The first switching device (S1) and the second switching device (S2) and the heating wire (1) where one side is contact-connected and the other side is connected to the first AC power supply line (AC1) in a state branched to each other in the heating wire (H), H) has a third switching device (S3) and a fourth switching device (S4) connected to one side and the other side connected to the second AC power supply line (AC2) in a branched state to each other, the hot wire (H) The first switching device (S1) and the third switching device (S3) positioned in mutually opposite directions as a reference to be operated at the same time and the second switching device (S2) and the fourth switching device (S4) to be connected at the same time do.

In this case, the first to fourth switching devices S1 to S4 may include a silicon controlled rectifier (SCR), a triac, a field effect transistor (FET), a gate turn off thyristor (GTO), and an insulated gate bipolar transistor (IGBT). ) Can be used to select any one.

Then, the microcomputer U1 checks whether an electric field is generated according to a connection state in which the AC plug connected to the first AC power supply line AC1 and the second AC power supply line AC2 is inserted into the AC outlet. When the electric field is generated, the microcomputer U1 simultaneously operates the first switching device S1 and the third switching device S3 to operate the first switching device S1 and the third switching device S3. In order to control the flow of electricity, and when no electric field is generated, the microcomputer U1 simultaneously operates the second switching device S2 and the fourth switching device S4 so that the second switching device S2 is operated. And configured to be controlled to form a flow of electricity through the fourth switching device (S4) to be configured to automatically switch the electric field using the flow of electricity through the heating wire (H) without a shielding plate.

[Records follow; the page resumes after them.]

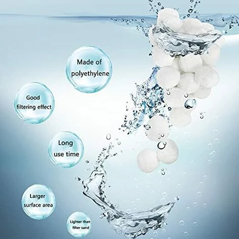 Matériau: Ils sont fabriqués à 100% en polyéthylène de haute qualité, ont une super capacité de filtrage, peuvent absorber efficacement diverses impuretés dans l’eau. Peut être utilisé dans n’importe quel système de filtre à sable commun, sûr et pratique.
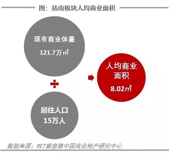 按照国际标准,人均占有商业面积在 1.2平方米是一个比较合适的参照值,而站南板块现有商业体量121.7万平方米,人均商业面积高达8.02平方米,板块商业严重过剩。
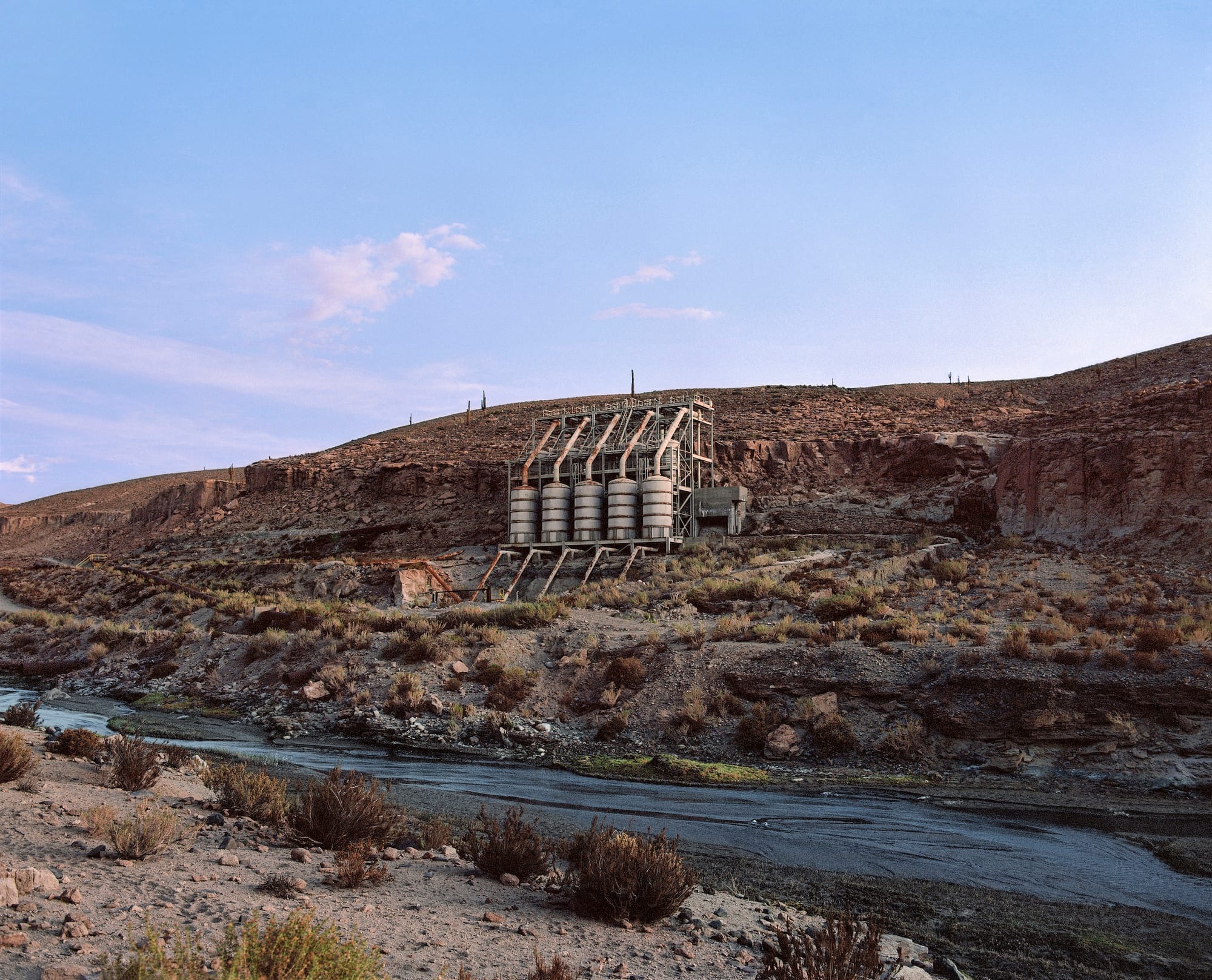 El estanque de acumulación CHILEX se encuentra en la naciente del río Salado, segundo principal afluente del Loa y cercano a la comunidad atacameña lickanantai de Chiu Chiu, Región de Antofagasta, Chile. Esta gigantesca infraestructura de abducción de agua (de casi 25 metros de altura) es propiedad de Codelco -empresa estatal dedicada a la explotación minera cuprífera- y es parte de un complejo sistema de extracción, trasvase, canalización y almacenamiento de agua para los yacimientos mineros cercanos a Calama. | Gaspar Abrilot

An input terminal of the microcomputer U1 is provided with a first signal conversion circuit SC1 connected to the first signal conversion circuit SC1 to check whether an electric field is generated in the heating wire H and to perform a stable signal input. It is preferable that the second signal conversion circuit SC2 is connected to check the electric flow according to the switching operation of S4 and to make a stable signal input.

The output terminal of the microcomputer U1 is connected to the first switch drive circuit SD1 so that the simultaneous switching of the first switching element S1 and the third switching element S3 for the switching process when the electric field is generated is performed stably. In addition, it is preferable that the second switch drive circuit SD2 is connected to the second switching device S2 and the fourth switching device S4 for stable switching when the electric field is not generated.

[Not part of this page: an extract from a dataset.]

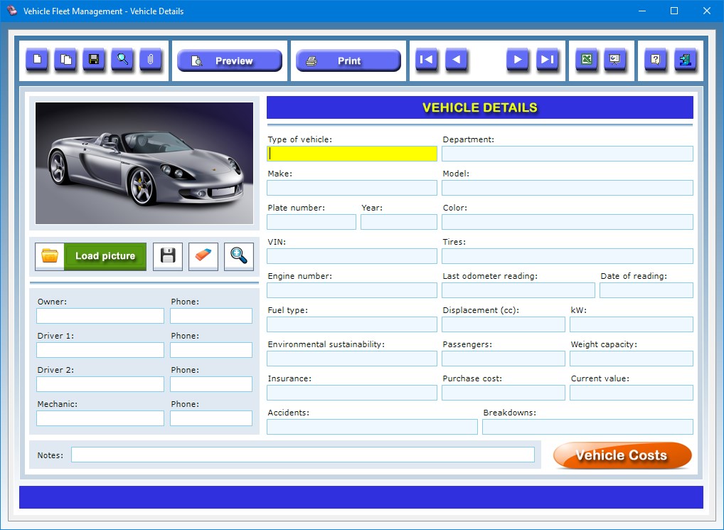 But the information you can record does not end there, as you can also add your last odometer reading and the day it was taken, the department in your company which the vehicle is assigned to, the name and phone number of the owner of the vehicle, the first and second driver and the mechanic who normally takes care of the vehicle in your trusted garage.
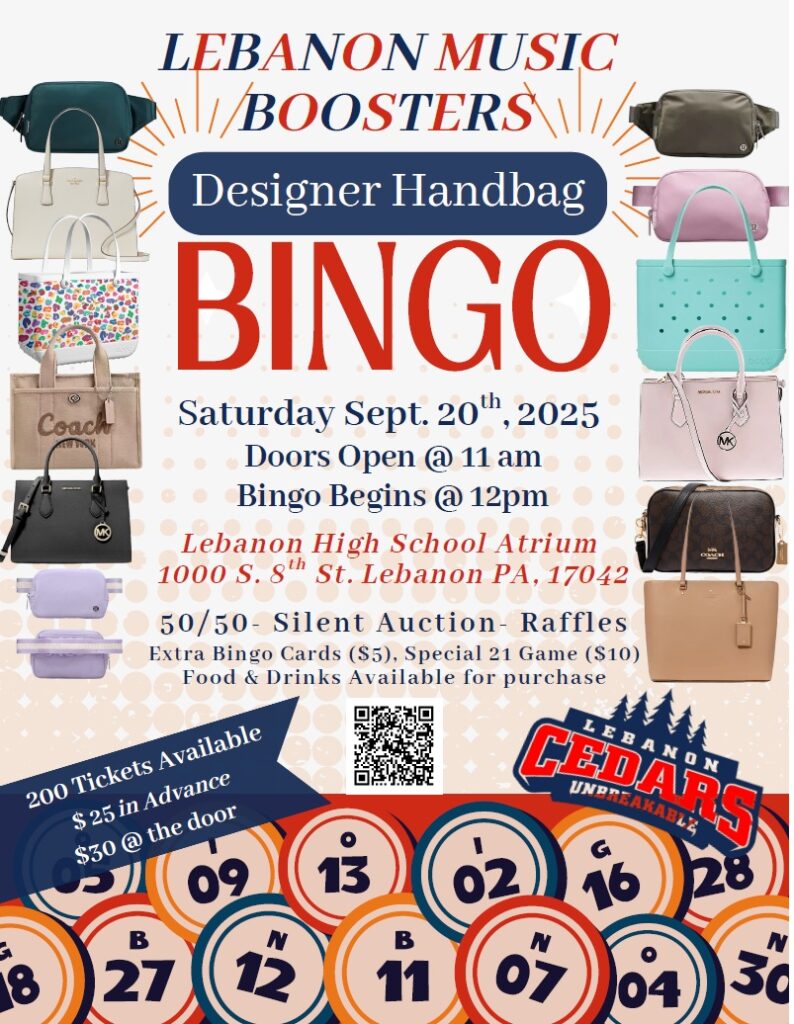 The Lebanon Music Boosters are hosting their first-ever Designer Handbag Bingo & Silent Auction on Saturday, September 20, 2025, at Lebanon High School.

The microcomputer U1 receives the electrical signals output from the first to fourth switching devices S1 to S4 as inputs, and compares them with a reference voltage to check the first and fourth switching devices S1 to S4. It should be configured to judge the abnormality of).

At this time, when it is detected that any one of the switching elements is abnormal by comparison with the reference voltage, it is configured to immediately cut off the electricity supply to the heating wire (H) through the control by the microcomputer (U1).

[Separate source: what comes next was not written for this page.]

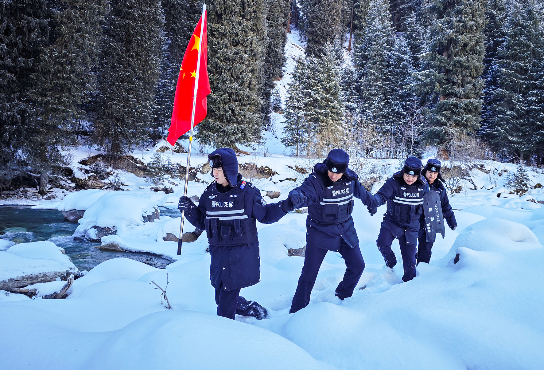 2023年12月29日,新疆出入境邊防檢查總站阿勒泰邊境管理支隊(duì)富蘊(yùn)邊境管理大隊(duì)庫衛(wèi)邊境派出所的民輔警對邊境重點(diǎn)區(qū)域進(jìn)行踏查。
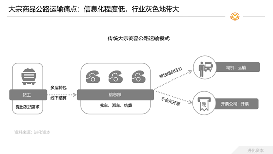 ② 大宗商品公路运输行业信息化程度低,发货人需要通过信息部确认承运物流公司或车辆,寻找运力效率低。由于双方大多是一次性合作且往往凑不成整车,运输成本高。物流运力供给和运输需求的链接中间环节长,运费从货主方经过层层转包流程,司机利益难以保障。

The microcomputer (U1) is preferably provided with a control output simultaneous operation prevention circuit (PC1) so that the electric field high output due to the electric field generation and the electric field low output due to the non-electric field is not operated at the same time.

In other words, the control output simultaneous operation prevention circuit PC1 monitors the first switch drive circuit SD1 and if there is a signal, stops the electric field low output, and monitors the second switch drive circuit SD2, if there is a signal. It will stop the high output of the electric field.

When the electric flow is higher than the set value by connecting a poly switch (POLY SW) to the connection portion (output portion of the electric flow) between the second AC power supply line AC2 and the third and fourth switching elements S3 and S4. Even if the microcomputer U1 is not operated, the polyswitch itself may be configured to forcibly cut off the flow of electricity, and may be configured to immediately cut off the electric supply to the heating wire H.

At this time, the poly switch (POLY SW) has a self-recovery function, through which it is possible to reactivate the flow of electricity by performing the connection of the switched off switch again when the flow is less than the set value.

Although not shown, an electric field control output delay circuit is respectively configured at an electric field high output terminal and an electric field low output terminal connected to the output terminal of the microcomputer U1, so that the corresponding output signal is output even if the electric field high output or the electric field low output is output from the microcomputer U1. It can also be configured to make a more stable output operation by allowing the output after a short delay.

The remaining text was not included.